25/05/04 18:30:17 WARN Utils: Your hostname, Ameys-Mac-mini.local resolves to a loopback address: 127.0.0.1; using 192.168.1.12 instead (on interface en1)
25/05/04 18:30:17 WARN Utils: Set SPARK_LOCAL_IP if you need to bind to another address
Setting default log level to "WARN".
To adjust logging level use sc.setLogLevel(newLevel).

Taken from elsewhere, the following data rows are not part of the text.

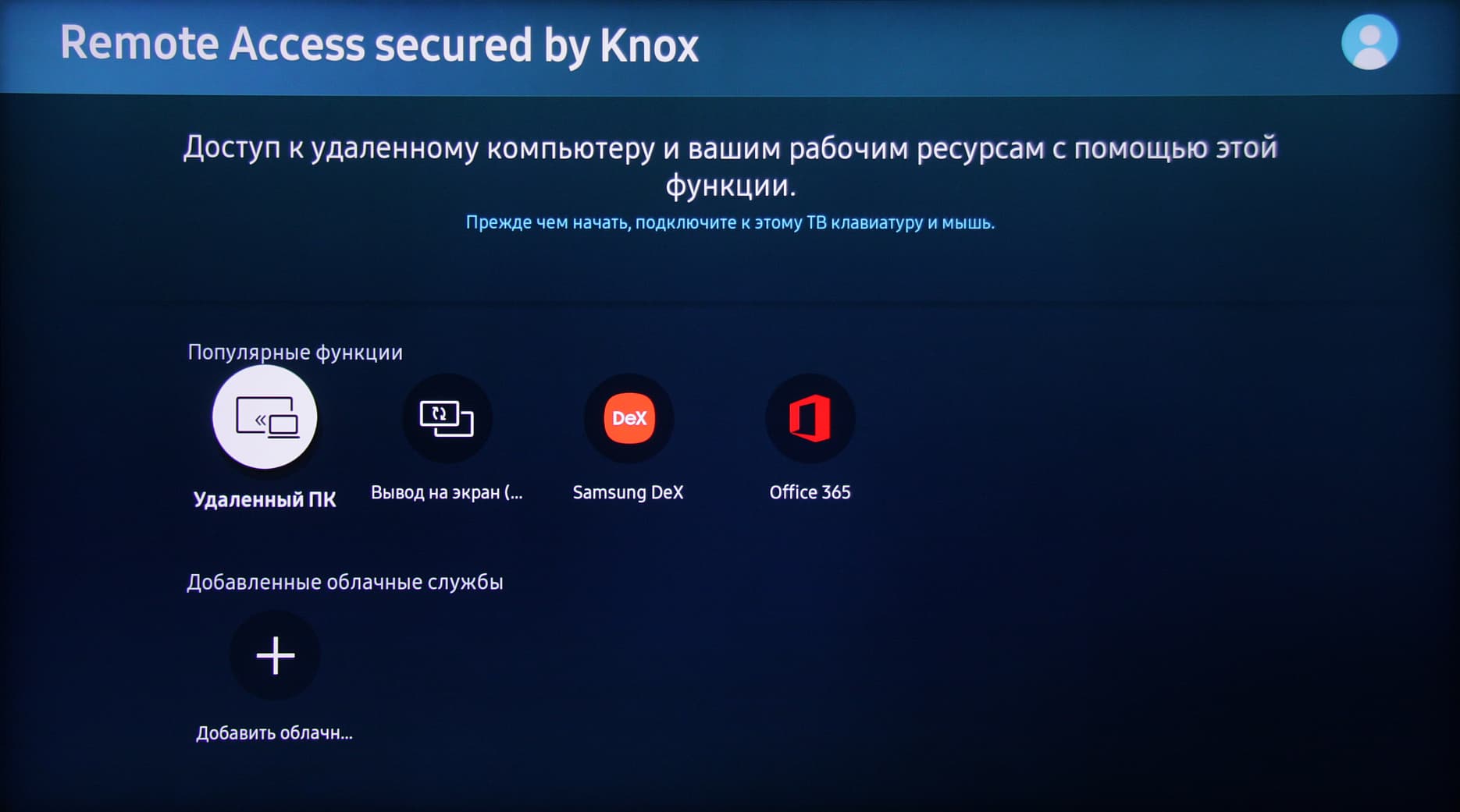 Нужно отметить, что в целом интерфейс хорошо оптимизирован для использования только комплектного пульта ДУ, то есть подключать клавиатуру и мышь, в общем-то, не обязательно, но они пригодятся еще в трех сетевых функциях: доступ к удаленному рабочему столу, подключение к мобильному устройству и работа в Office 365. Также есть функция вывода рабочего стола ПК на экране ТВ. Нами была подтверждена работоспособность доступа к удаленному рабочему столу (Remote Desktop Connection). В этом режиме плеер ТВ может воспроизводить мультимедийный контент из доступных общих папок ПК. Подключение к ТВ для вывода на него изображения рабочего стола (только по Wi-Fi, и видимо, в пределах одной сети), режим Samsung DeX и работу в Office 365 мы не проверяли.
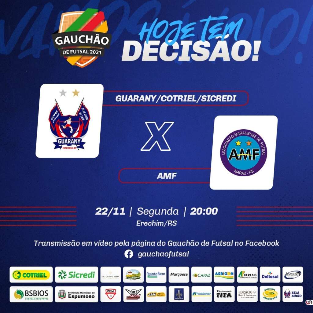 Guarany e AMF entram em quadra nesta segunda-feira, dia 22, às 20 horas, em quadra neutra, no Ginásio do CER Atlântico, no município de Erechim, para decidir quem irá para as quartas de final do Gauchão de Futsal Sicoob – Série A 2021.
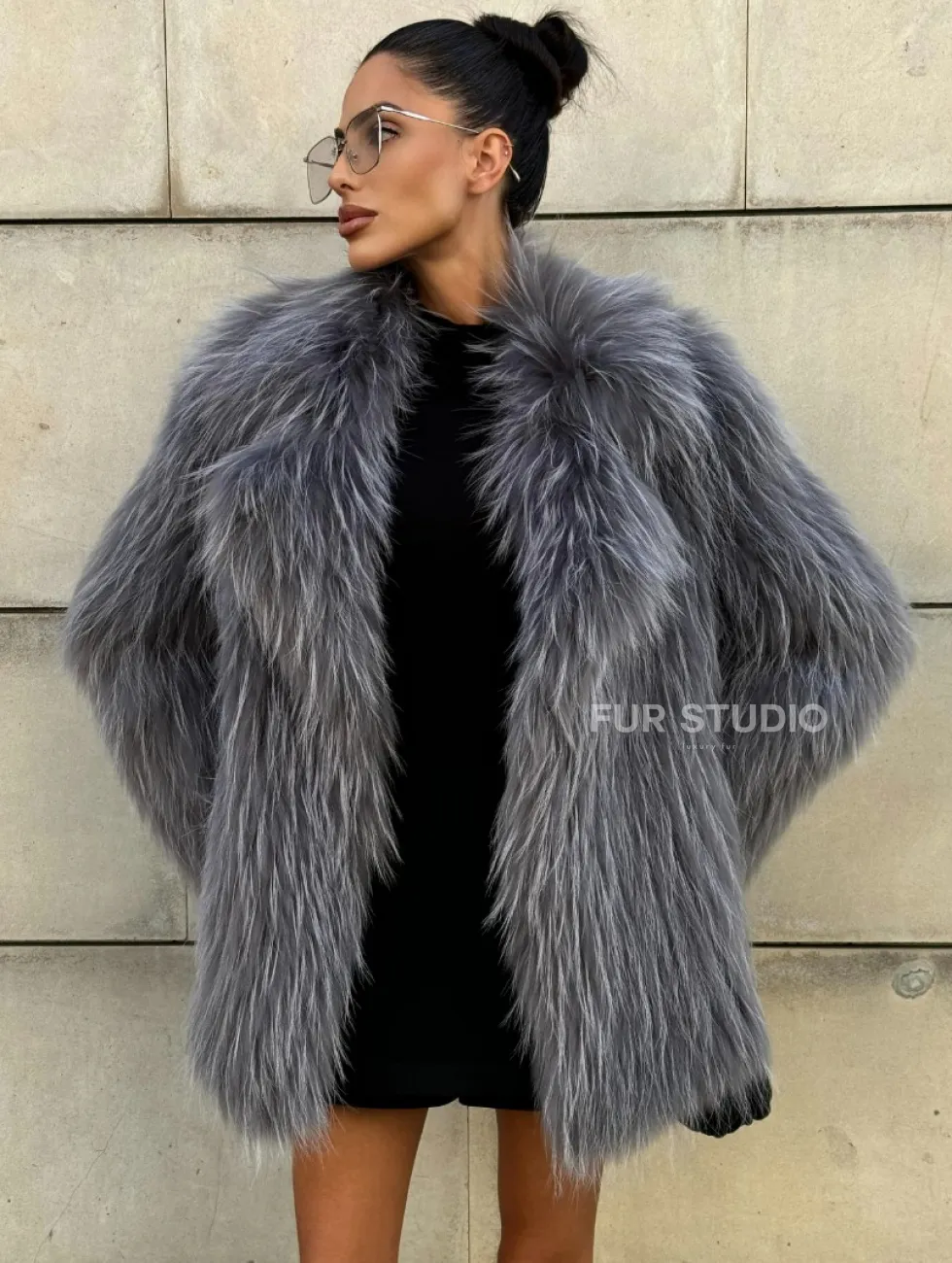 Мех данной шубы енот, цвет серый. Предлагается в размерах от 42 до 52. Длина модели 70-75 см, что выгодно подчеркивает фигуру девушек. Эта модель идеально подойдет для девушек и женщин, предпочитающих роскошные натуральные меха.
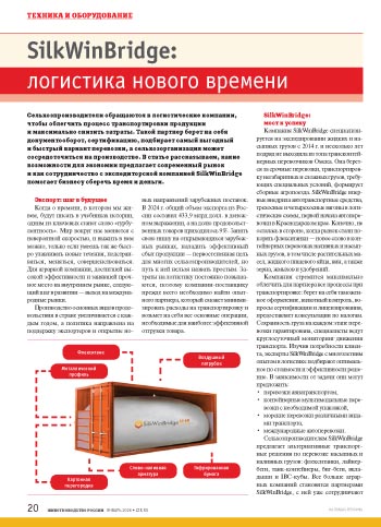 Компания SilkWinBridge специализируется на экспедировании жидких и насыпных грузов с 2014 г. и несколько лет подряд не выходила из топа трансконтейнерных перевозчиков Омска. Она берется за срочные перевозки, транспортировку негабаритных и сложных грузов, требующих специальных условий, формирует сборные агропоезда. SilkWinBridge впервые внедрила автотранспортные средства, трехосные и четырехосные вагоны в логистические схемы, первой начала автоперевозки в Краснодарском крае. Конечно, не осталась в стороне, когда рынок стали покорять флекситанки — новое слово в контейнерных перевозках наливных и насыпных грузов, в том числе растительных масел, жидкого пищевого яйца, вин, а также зерна, жмыхов и удобрений.
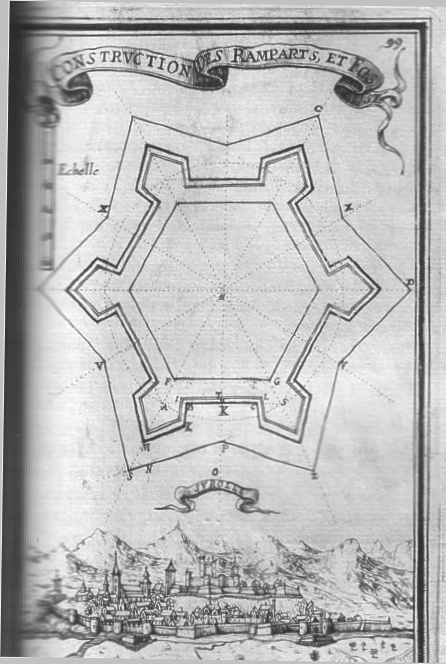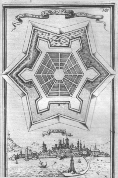 | Construction des places d'armes, rues & maisons des places regulieres. The construction of the defensive grounds of streets and houses of regular places. La Rochelle ( in Charente -Maritime ) Price: $ 40.00 | Plan d'une figure reguliere acheve selon les regles precedentes, avec la maniere de representer le fosse sec ou plein d'eau. The plan of a regular figure executed according to the above rules, showing the method of representation of the moat when dry or when filled with water. BARCELONA. Price: $ 60.00 |
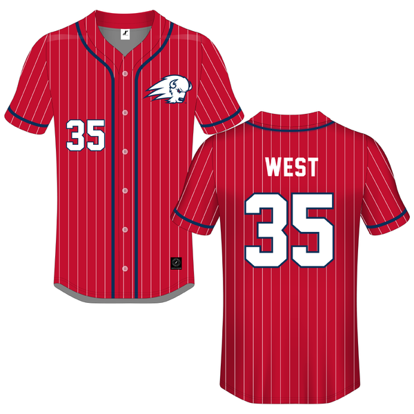 Utah Tech University Red Pinstripe Button-Down Jersey - #35 Dakoda West
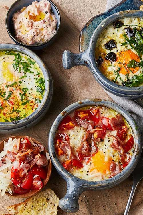 If using a topping, add your chosen ingredients now, dividing the quantities listed above equally between the four ramekins. Each topping recipe is enough for four eggs.
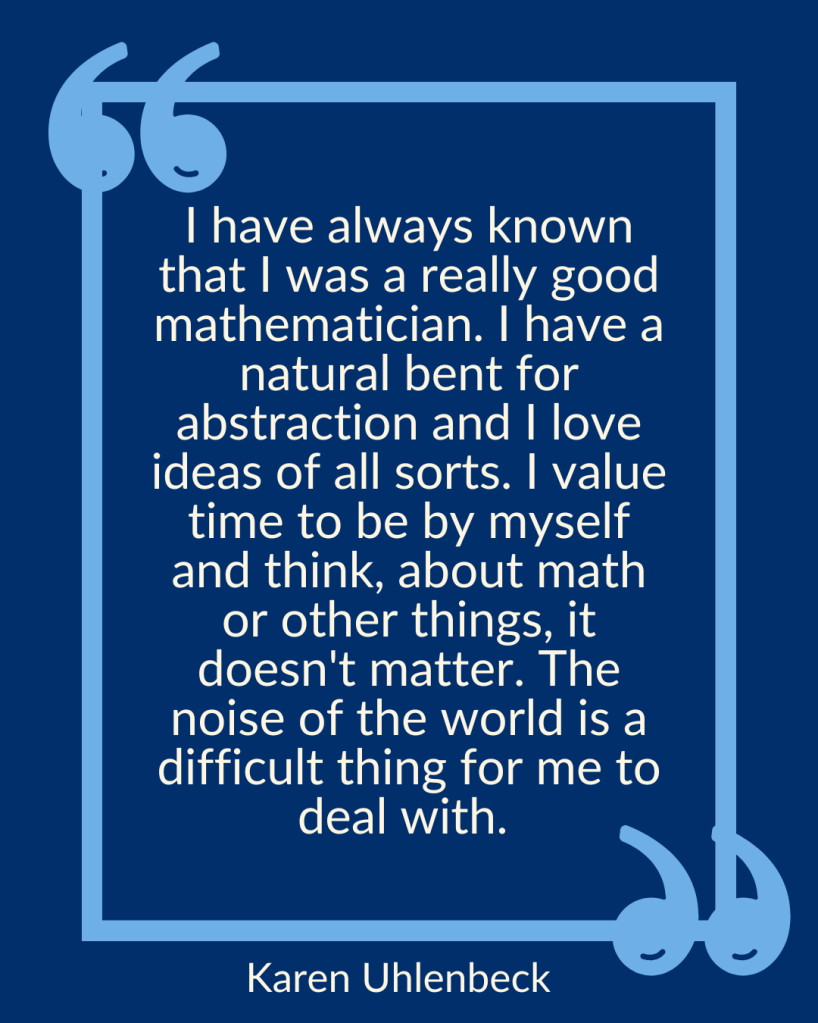 Uhlenbeck is aware of being a role model for girls and women in mathematics and she is aware of the weight that role carries. In her own words, “I may be a wonderful mathematician and famous because of it, but I’m also very human”.
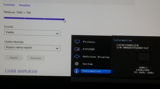 Haluaisin kannattavalle PC:lle ison lisänäytön 24" mahdollisimman hyvällä resoluutiolla. PC:n oman näytön resoluutio on 1440x900. Voiko ulkoisen näytön resoluutio olla 3840x2160?
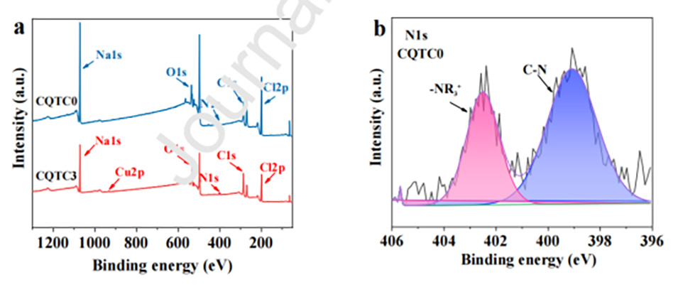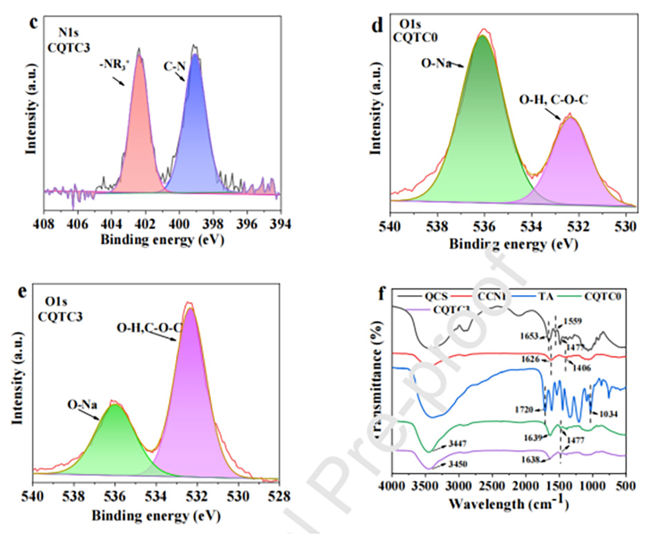 图3.(a)CQTC0和CQTC3的XPS全谱。(b)CQTC0和(c)CQTC3的N1s。(d)CQTC0和(e)CQTC3的O1s。(f)FTIR光谱。
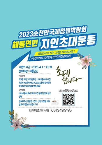 이벤트는 박람회 운영기간 동안 진행되며 네이버폼에 챌린지 참여 인증 및 응모 정보를 입력해 참여할 수 있다. 초대한 지인과 박람회장 내에서 찍은 사진을 #순천하세요, #2023순천만국제정원박람회 문구와 함께 개인 사회관계망서비스(SNS)에 게시한 후 해당 내역을 캡쳐해 네이버폼에 첨부하면 된다. 사은품으로는 선정과정을 거쳐 발효커피를 제공할 예정이다.
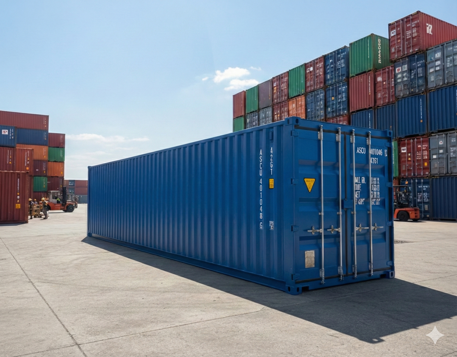 Sterke 40FT zeecontainers van hoge kwaliteit, wind- en waterdicht, direct leverbaar in meerdere RAL-kleuren.
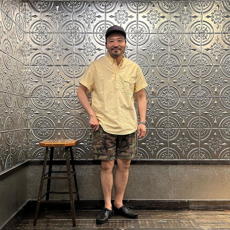 170センチ68キロの私の体型でサイズはMでゆったりとした着用感です。23春夏で展開されたモデル同様脱ぎ着し易いゆったりとしたサイズ感。素材は春夏らしい軽めのオックスフォード生地を使用。洗いかかっていることで大きな縮みもなく着続けられるのは嬉しいポイント。流行り廃りのないシンプルなプルオーバーボタンシャツ。様々なシーンや幅広いスタイリングにも適応できるほど着回しの良い1着です。
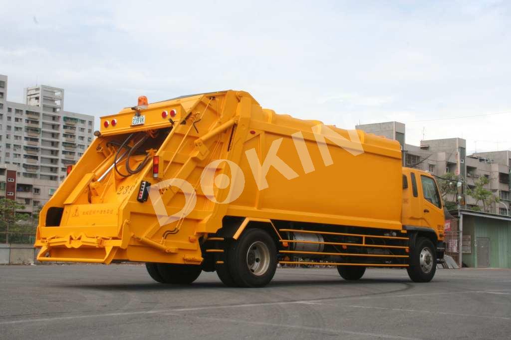 整車為密封式,自行壓縮、自行傾倒、壓縮過程中的污水全部進入污水桶,解決垃圾運輸過程中的二次污染的問題。主要零組件自主設計開發製造,具有壓縮性能大、密封性好、操作方便、安全等優點。

For SparkR, use setLogLevel(newLevel).
25/05/04 18:30:17 WARN NativeCodeLoader: Unable to load native-hadoop library for your platform... using builtin-java classes where applicable
25/05/04 18:30:18 WARN Utils: Service 'SparkUI' could not bind on port 4040. Attempting port 4041.


In [4]:
df = spark.read.csv("retail_sales_data_easy.csv", inferSchema=True, header=True)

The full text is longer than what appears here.